Quantitative LULC classification accuracy was computed through an error matrix using producers’ accuracy (omission error) and users’ accuracy (commission error). The total number of correctly categorized LULC classes divided by the total number of reference data points represents the overall classification accuracy. Kappa statistics (total accuracy) measure the level of spatial agreement or accuracy between the training samples (reference data) and LULC values (remote sensing) of the classified images. The Kappa coefficient is derived from the error matrices to find out the reliability and accuracy of maps produced.
$$ K=\frac{P_o-{P}_e}{1-{P}_e} $$
(4)
where K is the Kappa coefficient, and Po and Pe are denoted to observed and expected agreements. Cohen’s kappa coefficient is used to assess the level of true agreement beyond chance agreement. A kappa value greater than 81% is considered almost perfect agreement (Tang et al. 2015). The accuracy values of each land class are indicated in Table 1.
Table 1

Classification of accuracy value for LULC maps for the years 1984, 2004, and 2016

Land classes

Accuracy (%)

1984

2004

2016

Producers

Users

Producers

Users

Producers

Users

Bushland

86.7

92.9

65.0

76.5

76.5

92.9

Grazing land

88.2

88.2

100.0

73.3

60.0

100.0

Cropland

93.1

90.0

91.5

96.2

100.0

89.7

Plantation

100.0

100.0

93.8

79.0

100.0

83.3

Settlement

91.0

78.0

100.0

100.0

Overall accuracy

96.0

94.0

95.2

Kappa coefficienta

0.9

0.9

0.9

aKappa coefficient is dimensionless

Change detection

Once LULC is classified with certain accuracy, the data were used to understand the rate and direction of LULC change and provide information as to where, when, how much, and what type of land cover has changed. The transition matrix was quantified from remote sensing features estimating the losses and gains for each LULC. The matrix showed the spatial and temporal changes taking place over the past 31 years. In the matrix, net change and net persistence ratio explain the persistence and vulnerability of each LULC type. Vulnerable lands, in this context, refer to lands that are exposed to change from a given type of LULC to another LULC in a given period.

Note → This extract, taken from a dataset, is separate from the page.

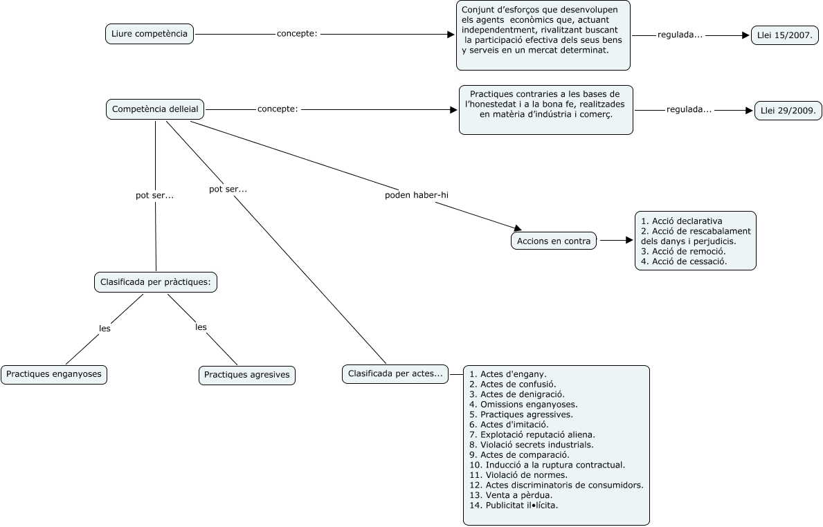 Este Cmap, tiene información relacionada con: Competencia deslleial, Practiques contraries a les bases de l’honestedat i a la bona fe, realitzades en matèria d’indústria i comerç. regulada... Llei 29/2009., Conjunt d’esforços que desenvolupen els agents econòmics que, actuant independentment, rivalitzant buscant la participació efectiva dels seus bens y serveis en un mercat determinat. regulada... Llei 15/2007., Competència delleial poden haber-hi Accions en contra, Liure competència concepte: Conjunt d’esforços que desenvolupen els agents econòmics que, actuant independentment, rivalitzant buscant la participació efectiva dels seus bens y serveis en un mercat determinat., Competència delleial pot ser... Clasificada per actes..., Competència delleial concepte: Practiques contraries a les bases de l’honestedat i a la bona fe, realitzades en matèria d’indústria i comerç., Accions en contra ???? 1. Acció declarativa 2. Acció de rescabalament dels danys i perjudicis. 3. Acció de remoció. 4. Acció de cessació., Clasificada per pràctiques: les Practiques agresives, Clasificada per pràctiques: les Practiques enganyoses, Clasificada per actes... 1. Actes d'engany. 2. Actes de confusió. 3. Actes de denigració. 4. Omissions enganyoses. 5. Practiques agressives. 6. Actes d'imitació. 7. Explotació reputació aliena. 8. Violació secrets industrials. 9. Actes de comparació. 10. Inducció a la ruptura contractual. 11. Violació de normes. 12. Actes discriminatoris de consumidors. 13. Venta a pèrdua. 14. Publicitat il•lícita., Competència delleial pot ser... Clasificada per pràctiques:

The annual rate of change (r) for each land class was adapted from Abyot et al. (2014) and computed as follows:
$$ r=\left(\frac{a_1-{a}_2}{a_1t}\right)\ast 100 $$
(5)

where a1 and a2 = the recent and initial year of each LULC in ha, t = the time taken between a1 and a2 in years.

Drivers of LULC changes

First, we employed household survey data through respondent interview using closed and open-ended questions in the interview schedule. Household interviews were employed in order to understand the main drivers of LULC changes in the watershed. Later, we used focus group discussion comprising of five male and one female household heads for triangulation. Group members thoroughly discussed possible drivers of LULC conversions, identified several underlying causes, and made comparisons among drivers. We employed the pair-wise ranking method to identify the top, intermediate, and least important drivers of LULC changes.

Results

Grain production pressure

Households in the watershed cultivated 509 ha of land and produced cereal, legume, and oil crops. Oats, vetches, and vegetables were grown on 47 ha of cultivated land. Thus, according to the household survey, the total cropland size of the study watershed was 556 ha. The average cropland size of households in the study watershed was 1.2 ha, somewhat larger than the 0.9 ha reported by Kuria et al. (2014) in the same kebele. Cereal crops showed better crop productivity compared to legumes and oil crops (Table 2). The total annual grain supply of the watershed was 683 t, of which 28% goes to household annual expenditure such as seed reserve, source of cash income, gift to others, and post-harvest losses. The grain yield was 1.34 t ha− 1. The average grain supply per household was 1.52 t (0 to 4 t), indicating that the average household’s landholding was a little more than 1 ha. Of the total households, 55% produced less than the average grain yield supply.
Table 2

Crop production, expenditure, and net food supply in 2015/2016 cropping season

Crop types

Cultivated land (ha)

Crop productivity (t ha−1)

Total grain yield (t)

Expenditure (t)

Net food supply (t)

Barley

211

1.75

369

104

265

Wheat

64

1.54

98

18

80

Faba bean

115

1.26

144

50

94

Field pea

91

0.72

66

20

46

Lentil

23

0.15

3

1

3

Linseed

6

0.45

3

1

2

Total

509

 

683

194

490

The actual total net food supply for the watershed (493 t) exceed the minimum food security level (0.2 t year−1) but was less than the average world consumption level of 0.3 t year−1. The local aggregate food supply was sufficient to meet everyone’s minimum needs. However, it is doubtful that access to food could be constrained by food inequalities at the individual level. Based on the actual local grain yield per unit of land, households need an extra 46 t of grain or 6.7% additional cropland to raise the grain supply to 0.3 t per capita.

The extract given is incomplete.